If we let $g^{(0)}=x^xln(x)$ and using the chain rule we have $\frac{f^{(1)}}{f^{(0)}}=\frac{d}{dx}g^{(0)}$ , i.e. $f^{(1)}=f^{(0)}g^{(1)}$

If we also let $y^{(0)}=x^x$ and $z^{(0)}=ln(x)$ then we can see that $g^{(0)}=y^{(0)}z^{(0)}$ . Furthermore, we can find the first derivative of $y^{(0)}$ by again taking the natural log on both sides and using the chain rule.
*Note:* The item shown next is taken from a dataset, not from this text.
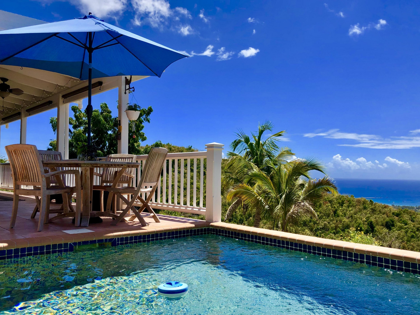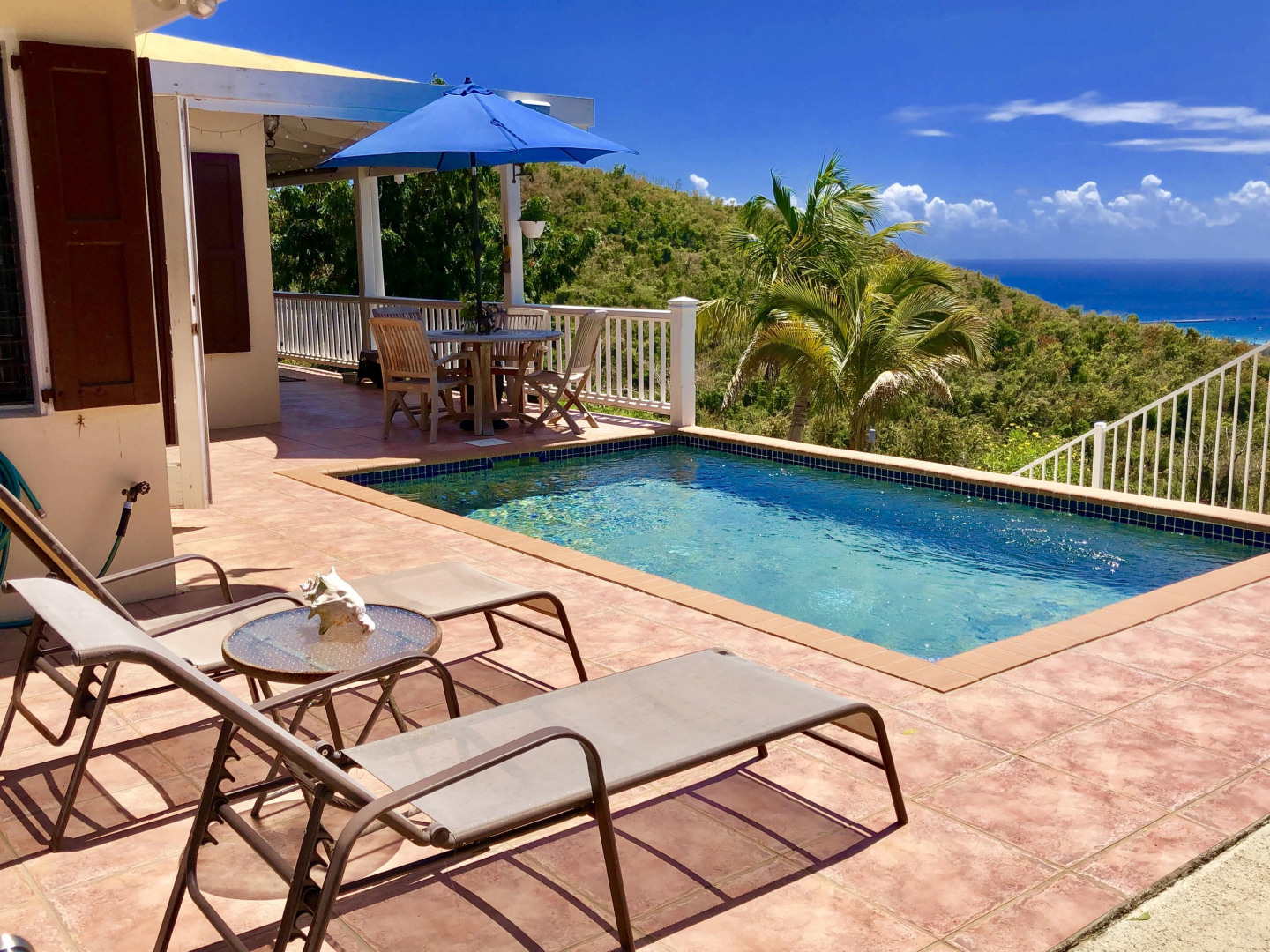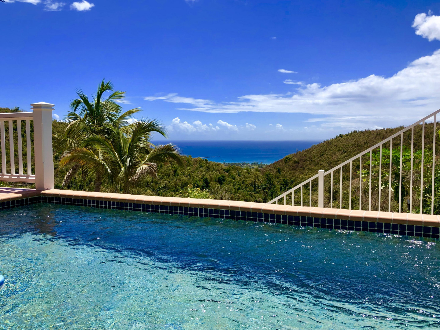 Beautiful three bedroom/ two bathroom home with stunning views nestled in the hills on St. Croix's west end. Lots of privacy and located in the gated subdivision Jolly Hills. The house features an open layout with an updated kitchen and vaulted ceilings. French doors opens up towards the covered deck with a beautiful pool and plenty of space around to lounge and enjoy the breeze and beautiful view. Some features worth mentioning include UV water filtration system, stainless steel appliances, generator and air conditioning in two bedrooms.Adjacent lots 110+ Little La Grange zoned A-2 and totaling 1.62 acres is listed for $60,000 should you want to make your own fruit orchard next door. See documents for more information.
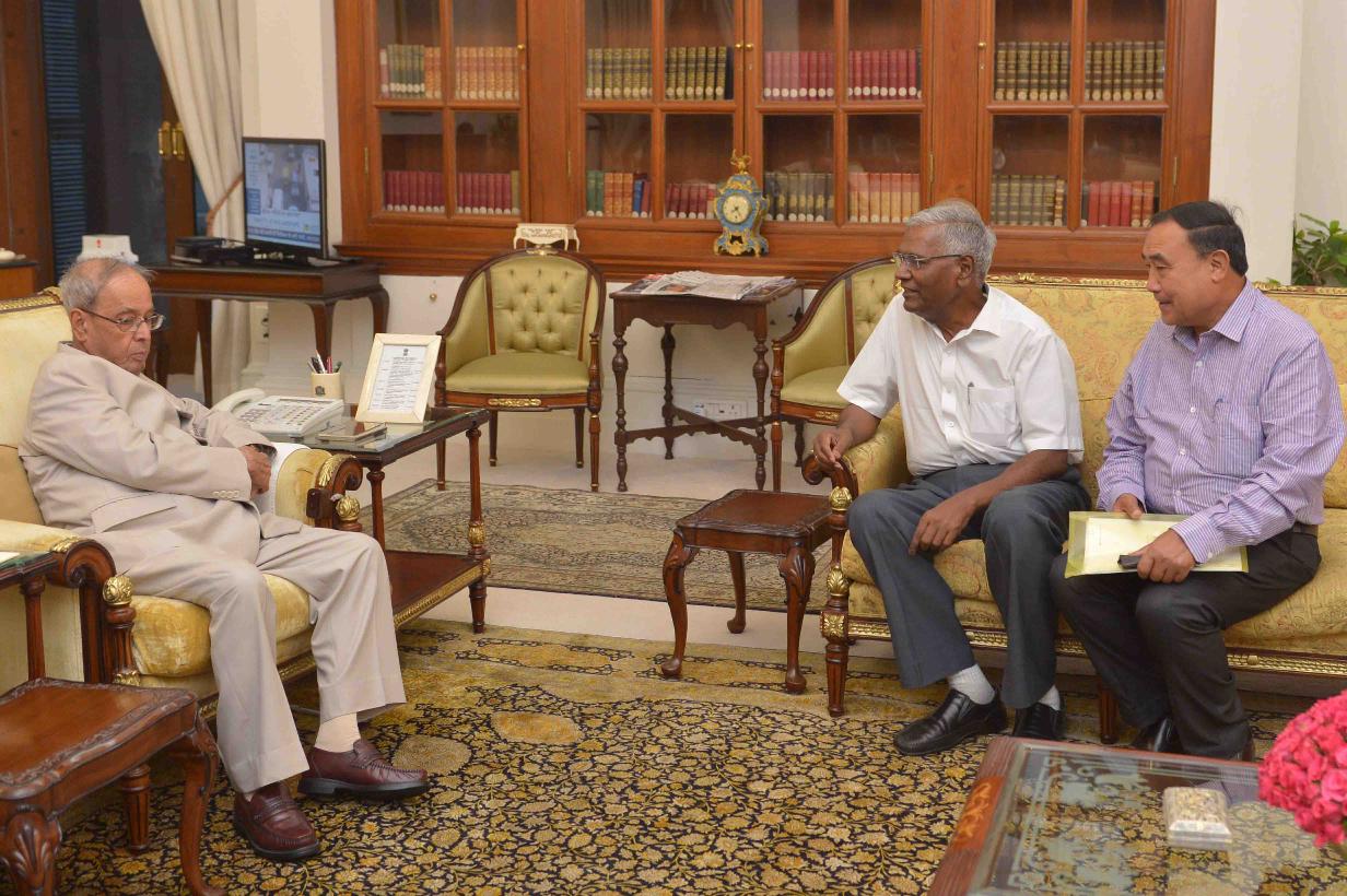 The President of India, Shri Pranab Mukherjee meeting with Shri D. Raja, MP (RS) alongwith Dr. Nara Singh, State Secretary, CPI, Manipur, at Rashtrapati Bhavan on May 30, 2016.

Thus $ln(y^{(0)})=ln(x^x)=xln(x)$ . i.e. $\frac{y^{(1)}}{y^{(0)}}=\frac{d}{dx}xln(x)=x×\frac{1}{x}+ln(x)=1+z^{(0)}$ , i.e. $y^{(1)}=y^{(0)}(1+z^{(0)})$

So we can see that all of the derivatives of $f^{(0)}$ are dependent on higher derivatives and derivatives of $z^{(0)}$ . So the first 7 derivatives of $z^{(0)}$ are $z^{(0)}=ln(x)$ , $z^{(1)}=\frac{1}{x}$ , $z^{(2)}=-\frac{1}{x^2}$ , $z^{(3)}=\frac{2}{x^3}$ , $z^{(4)}=-\frac{6}{x^4}$ , $z^{(5)}=\frac{24}{x^5}$ , $z^{(6)}=-\frac{120}{x^6}$ and $z^{(7)}=\frac{720}{x^7}$ .

And letting $x=1$ gives $z^{(0)}(1)=0$ , $z^{(1)}(1)=1$ , $z^{(2)}(1)=-1$ , $z^{(3)}(1)=2$ , $z^{(4)}(1)=-6$ , $z^{(5)}(1)=24$ , $z^{(6)}(1)=-120$ and $z^{(7)}(1)=720$ .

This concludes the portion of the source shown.